Хлопнула дверь, Полли тотчас сгребла косметику в ящик комода и прикрыла сверху. Вошла мать в полувоенном кителе, подпоясанном офицерским ремнем. Поставила портфель, расстегнула тугой воротничок, сняла ремень.
– Где опять до утра была? – без выражения спросила она.
– На дежурстве.
Мать, не глядя на нее, прошла по комнате. Полли как бы невзначай зашла с другой стороны стола. Мать двинулась обратно – она тоже.

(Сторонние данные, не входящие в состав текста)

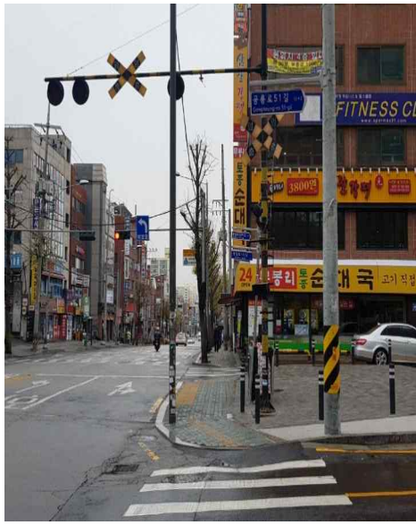
2. 폐신호등 (행복주택방향)
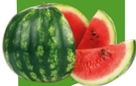
ANGURIA WATERMELON SANDÍA WASSERMELONE

ORGANIC PRODUCTS PRODUCTOS ORGÁNICOS ORGANISCHE PRODUKTE
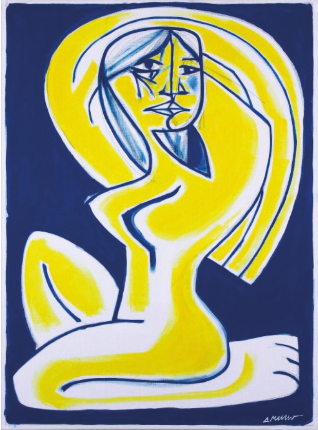
Bain de soleil jaune t bleu. Peinture sur toile format 73 x 54 cm.
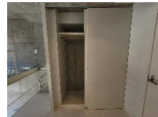
ホワイトでまとめられた 明るい水回り

– Иди сюда! – потребовала мать.
– Ну не начинай опять, мам…
– Шалава! – мать взмахнула ремнем, пытаясь достать ее через стол. – Проститутка! – она в бессильной ярости металась вокруг стола, опрокидывая стулья. – Ты понимаешь, что меня с работы снимут?! Двор пойду мести, и то если метлу доверят! Как я могу людьми руководить, если в своем доме шпионку вырастила?

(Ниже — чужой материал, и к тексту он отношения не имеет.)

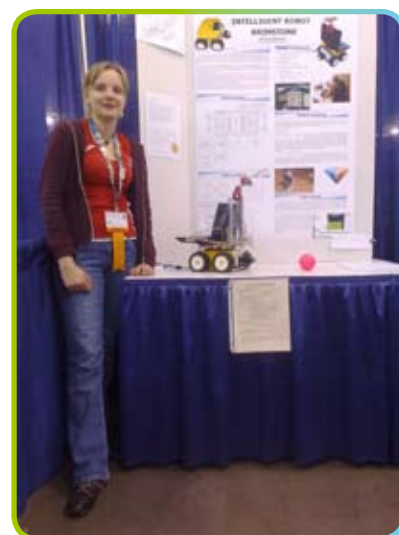
▲ Inteligentní robot Žlutásek
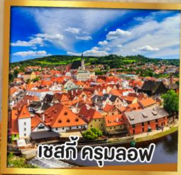
เชสกี ครุมลอฟ
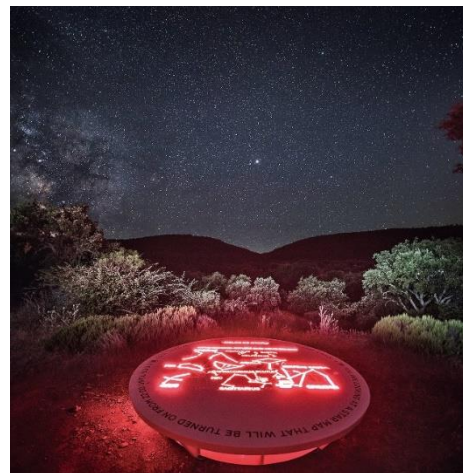
Mirador celeste de Helechosa de los Montes

Además, en once lugares de la región se han instalados Miradores Celestes, soportes de comunicación nocturnos que interpretan el paisaje estelar mostrando, de forma esquemática, las principales estrellas y constelaciones que se ven desde el punto en el que están situados. Estos miradores son unas piedras retro iluminadas, fabricados en piedra artificial y resistentes a condiciones climatológicas extremas, que incorporan la tecnología necesaria para ser iluminados selectivamente, descubriendo el mapa estelar que se esconde en su interior a la hora programada.
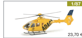
742450 | ADAC Eurocopter EC 135 (Fertigmodell / fully assembled model)

Полли задела локтем вазу, та упала и со звоном разбилась. И с этим звуком обе замерли на полу-движении, глядя на осколки.
– Ой… – запоздало сказала Полли.
Мать бросила ремень, присела, попыталась сложить осколки – и молча заплакала, опустив голову.

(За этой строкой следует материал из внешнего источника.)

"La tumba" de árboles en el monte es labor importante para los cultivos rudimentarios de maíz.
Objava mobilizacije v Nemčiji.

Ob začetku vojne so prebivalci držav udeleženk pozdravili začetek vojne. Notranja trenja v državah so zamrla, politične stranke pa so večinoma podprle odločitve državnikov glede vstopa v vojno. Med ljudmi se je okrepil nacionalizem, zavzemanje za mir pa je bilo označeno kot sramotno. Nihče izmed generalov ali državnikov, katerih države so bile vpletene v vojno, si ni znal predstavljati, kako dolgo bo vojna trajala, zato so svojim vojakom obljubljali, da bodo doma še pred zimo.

– Извини, мам… – растерянно сказала Польза. – Я же не нарочно, – она осторожно подошла ближе. – Так лучше даже – новую купим. Хоть что-то новое будет.
– Я после отца… за десять лет ни налево, ни направо не посмотрела ни разу!.. – всхлипнула мать.
– Ну не надо, мам… – Полли коснулась ее плеча. Мать тотчас метнулась, пытаясь поймать ее за руку – та едва успела отскочить.
– Чего тебе не хватает, дрянь ты неблагодарная? Для чего я тебя растила, чтоб ты трусами из-под юбки сверкала? – мать снова кинулась за ней. – Мало я тебя била, надо было до кровавых соплей пороть, чтобы дурь вышибить! Где твое барахло американское? – она распахнула шкаф, стала выбрасывать на пол ее вещи. – Где ты его прячешь? Пожгу к чертовой матери, голой на улицу выгоню!..
– Все, мам, мне пора, – Полли подхватила сумочку и юркнула к двери.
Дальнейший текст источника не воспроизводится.